When considering this issue, from a Christian perspective, I ask the same question I ask on most issues: are we wiser than our forefathers? My answer is almost always NO. How is it that today's Christians can see things in the Bible which our ancestors for the last 2000 years never saw? Did previous generations of Christians ever imagine that God wanted us to surrender our countries to any and all invaders in the name of kindness or charity? Did any past generations imagine that the Bible tells us to lay down our arms and passively let ourselves be conquered? Did our forefathers believe that God wanted to erase borders and create a single world system in which all peoples mingled willy-nilly together? If all these things are found in the Bible, why did our ancestors fail to realize that and abolish borders and nations 2000 years ago? Are we wiser than our forefathers?
This appeal to tradition very much misfires. Again, when Ruth migrated into ancient Israel, she did not apply for a visa. When St. Patrick went to Ireland to preach the Gospel, he did not ask permission of the Immigration and Naturalization Service. It is not the advocates of open borders who are the innovators here. It is those who seek to enforce the global apartheid regime that was developed in the heyday of fascism and socialism in the early 20th century. No, the Bible did not tell people to lay down their arms and passively let themselves be conquered, and advocates of open borders are not saying that, either. The Bible presupposes that the sojourner can come, and commands that he be well-treated (though he is not automatically a full member of the community) and this is exactly what open borders advocates today say.

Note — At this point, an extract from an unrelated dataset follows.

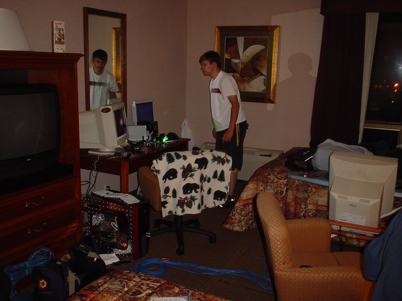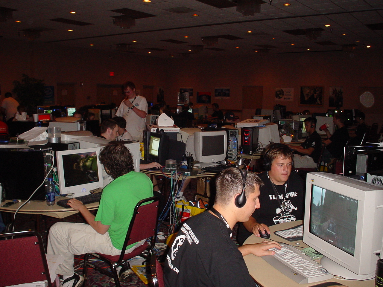 It was June 2004 and Dima posted an excited message rallying everyone to join him for a mega LAN in Oregon. He had attended a previous event and brought back tales of the biggest LAN event we had ever heard of. The next event was to take place over 4th of July weekend and time was running out to register. Not only was the cost high, but we would have to also get hotel rooms; not to mention the epic long drive to get there. It was a tough sell, but Dima was very persuasive. He convinced myself, Kraz, and Kaffine to go. I honestly have no memory of the car ride up and back (other than vague feelings that it was long and grueling). I do remember getting to the hotel and Kraz and Dima trying to setup their computers in our room. They ended up taking the hotel’s network box apart to try and hack it into either getting free internet access, or sharing the connection among multiple PC’s in the room (or maybe it was both), either way I’m sure the hotel wouldn’t have been pleased. At one point we also had a network cable running down the hall to another room.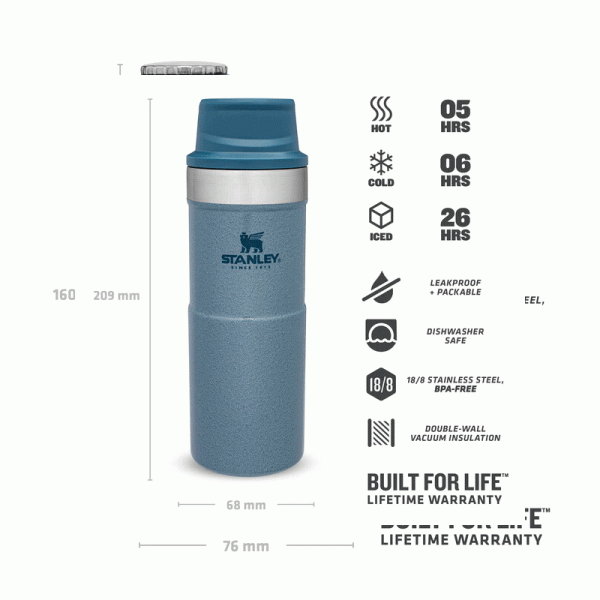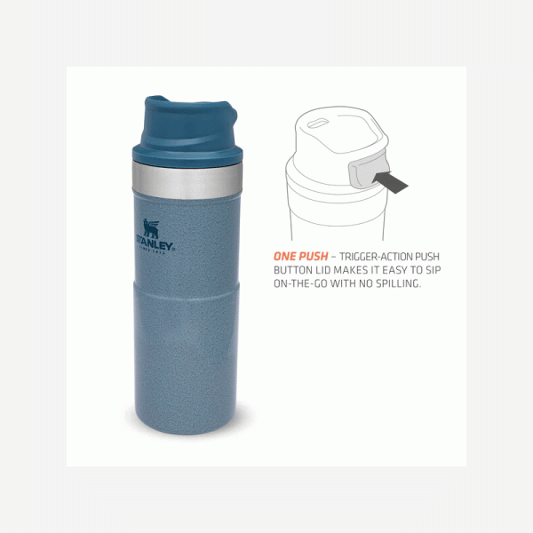 Термо чаша за път Stanley Trigger Action 0,35 л/12 унции водонепропусклива чаша за кафе, чай и вода, без съдържание на бисфенол А (BPA). Дизайнът на чашата Stanley Trigger Action ѝ позволява да се използва с повечето видове поставки за чаши, за да е с вас, докато пътувате. Вакуумната изолация с двойна стена запазва любимата ви напитка гореща до 5 часа, студена до 6 часа и заледена до 26 часа. Тя е точният спътник за вашите градски и извънградски авантюри. Можете да изберете от широка гама цветове и размери според вкусовете си. Чашата за пътуване със защита срещу протичане е лесен за използване с една ръка благодарение на капачката със заключващ механизъм. Капачето е с пуш бутон, който отключва приставката за пиене в горната част. Тази уникална функция прави чашата перфектна за отпиване в движение.

Here's another thought on the Bible and nations: God seemed to have divided us into nations, after the Tower of Babel incident in Genesis 11, as a way of keeping people from uniting in rebellion. Nations are a kind of system of 'checks and balances' to keep flawed human beings from excessive concentration of power. Most conservatives, religious or not, sense that the greater the concentration of power in the fewer hands, the greater potential for tyranny and evil.
Well, that's an Old Testament view, and the prophets and the New Testament are full of the promise that that sad separation will be undone. Be that as it may, nations have always historically lived side by side, mixed up together in the same towns and cities. The nation-state is a very modern invention. And it's a bit absurd to advocate the massive social engineering that is migration control in the name of avoiding "concentration of power in... fewer hands."
This writer is not as much of a clown as the "Castillo Chronicles" blogger, but I am struck again by how confused the arguments of the nativists are. It is easy to knock them down one by one, but it is so hard to get any clarity amidst all the misconceptions and misdefined terms, the side-effects of an ignorance which results from the simple fact that these people are never on the receiving end of immigration laws, never had to apply for a US visa, and so haven't been compelled by experience to think clearly about it.
It is a bit like battling with dwarves in a swamp.